To the outside, comics may seem no more than the warped lore of people incapable of dealing with reality, or the chosen reading matter of people who like to watch men dressed in leotards and capes hitting each other, or any of a number of insulting and inaccurate oversimplifications. Perhaps among the most damning of these accusations we could categorize the claim that comics do not educate, do not edify, and do not deal with important matters of character.

[Crimefighting viewed as a contest between warring philosophies.]

Unhappily, enough examples exist to defend such a position. Where, after all, do we find the real meaning of ultra-violent pieces where none of the understood markers that distinguish heroes from villains appear (for instance, Bloodstrike #5>)?

Officially beginning with the creation of Mister A, Silver Age cartoonist Steve Ditko began to present a number of works with a consistent message deriving from his own dabbling in the Objectivist philosophy of Ayn Rand. But he took his own emphasis: Evil exists; Reason can identify it; and it originates through self-delusion, epistemological hedonism, wishful-thinking; and the Rational Man discards the corrupt concepts which convince him of a fatuous right to live at the expense of others, or to treat other men as property.

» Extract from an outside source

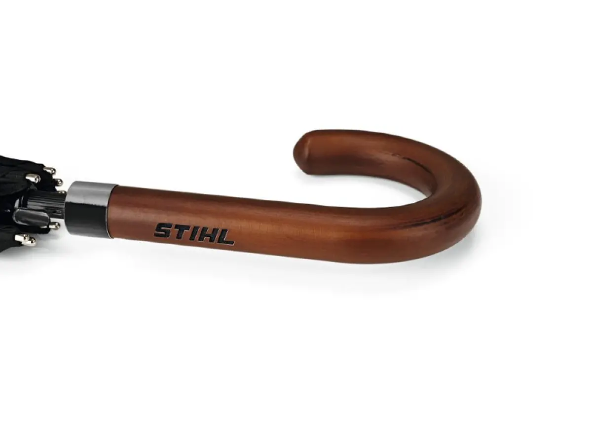 - Con asta e stecche in fibra di vetro. Credete davvero che sia un ombrello come tutti gli altri? Oltre ai due segmenti con stemma STIHL, l’ombrello presenta due segmenti con tecnologia Wet Print
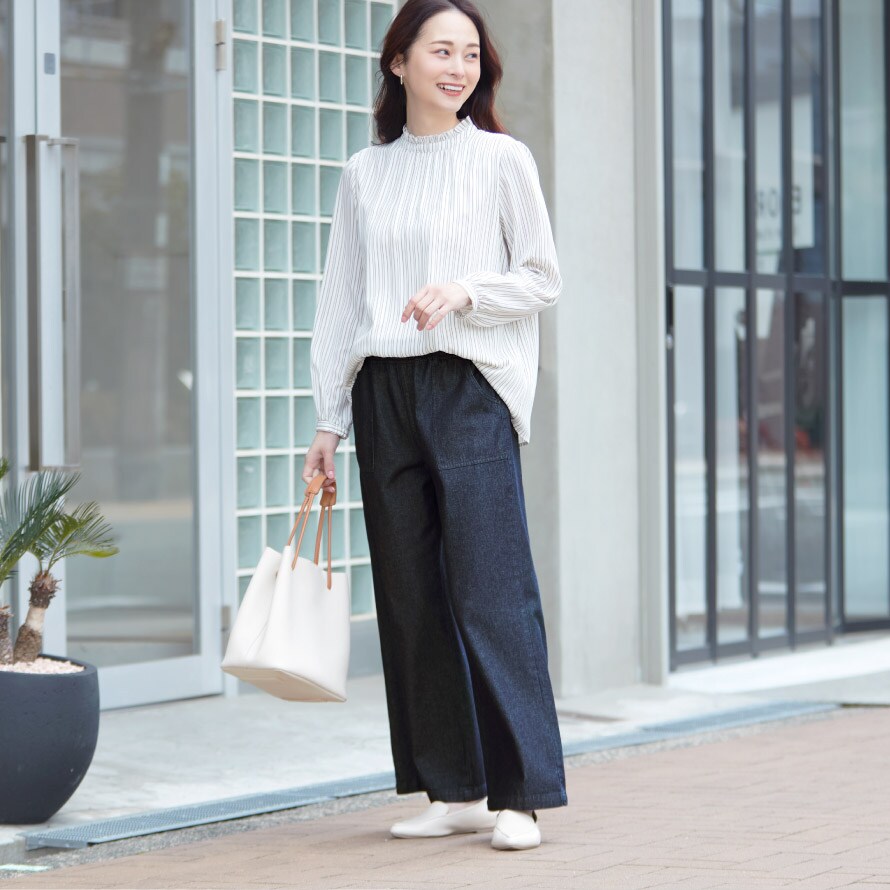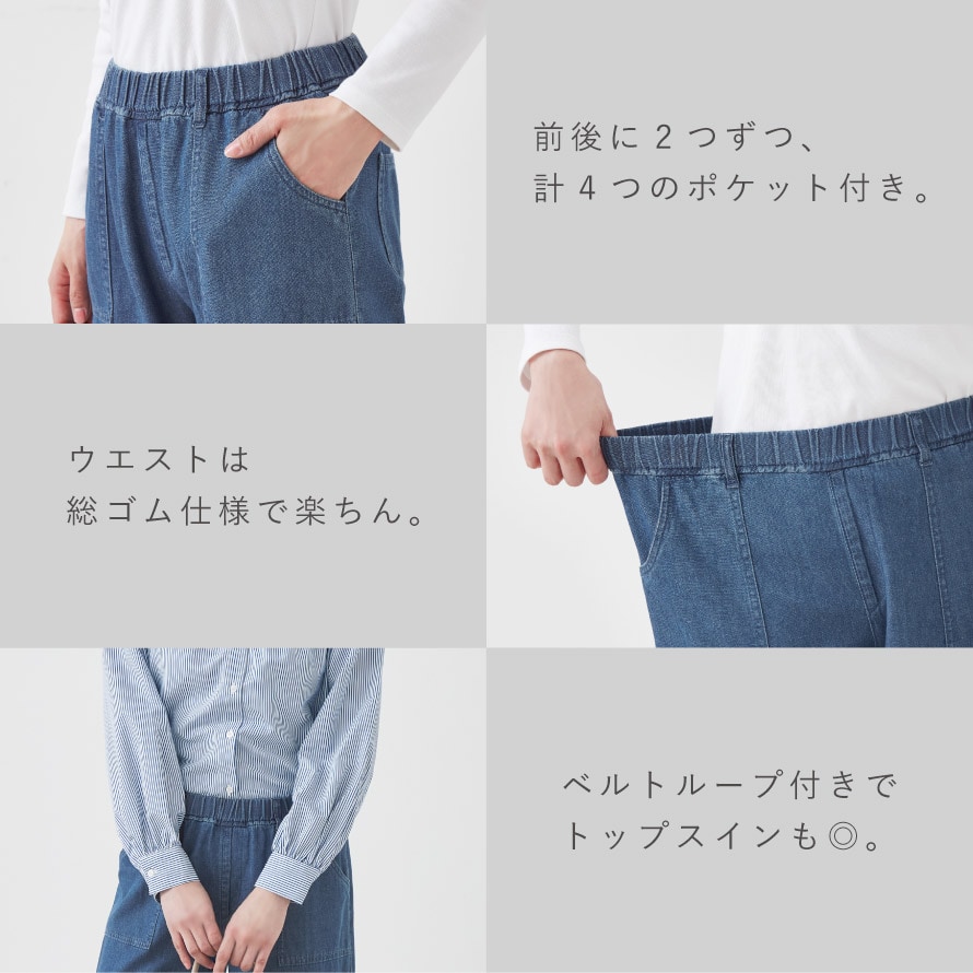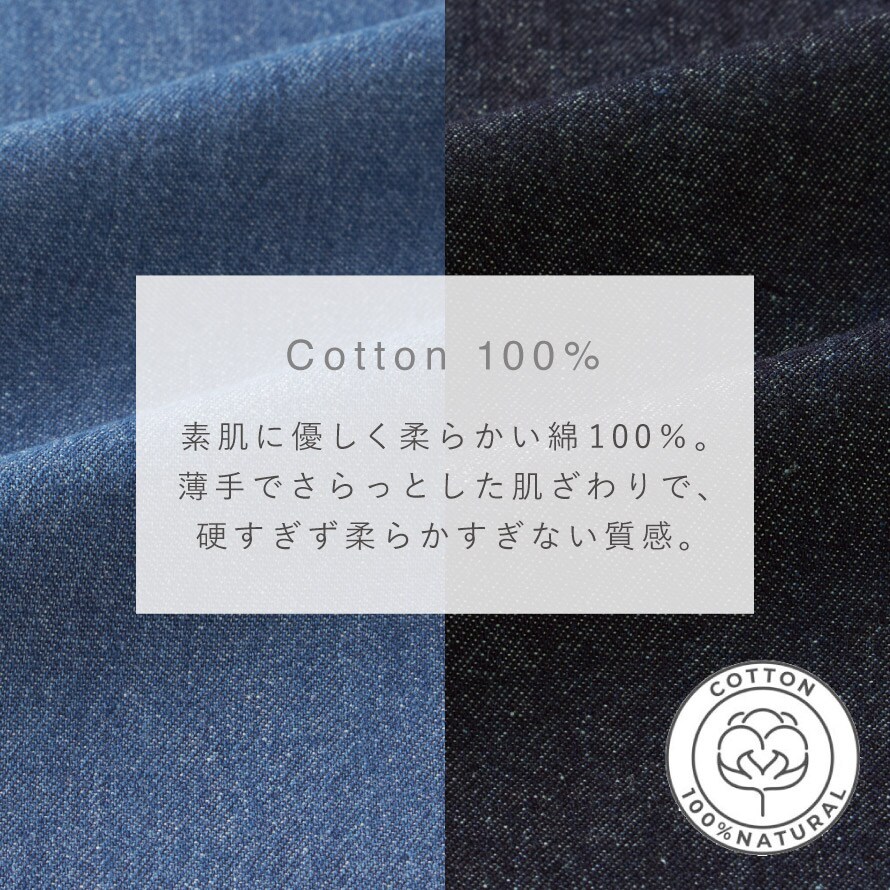 少し薄手の綿100%デニム生地を使用。ナチュラルでさらっとした肌ざわりで、硬すぎず柔らかすぎない絶妙な質感。一日中ストレスフリーな履き心地です。デニムでもカジュアルになりすぎず、大人の上品さを演出できます。

Appropriately enough, these works appear almost exclusively in black-and-white form, for they present a world in which only black and white exist, in which people either warp or follow principles, and in which the Law of the Excluded Middle plays the role of a moral law of the universe.

The Ditko Imprint

A disturbing strangeness infuses Ditko's work, even now that he labors in semi-obscurity, in his seventies, rarely doing work for major comics publishers. In no way has time or bitter experience smoothed off the peculiar edges of his work; something deep within his brain still imparts a strangeness to what he puts on the page.

This sometimes produces content that seems difficult or mildly incomprehensible, viewed with a single impression. For instance, the covers from Steve Ditko's end-of-the-millennium Package books seem, disturbingly often, to feature someone thinking out loud or whispering to himself, to no particular purpose. For instance, the 176 Page Package has one caption reading "What? What do you whisper? Huh? Oh! Okay!" And, similarly, the 32-Page Package has a cover with a concerned-looking face on it surrounded by the words "Tsk! Tsk! !?! Huh!? Who!? Me!? Why?"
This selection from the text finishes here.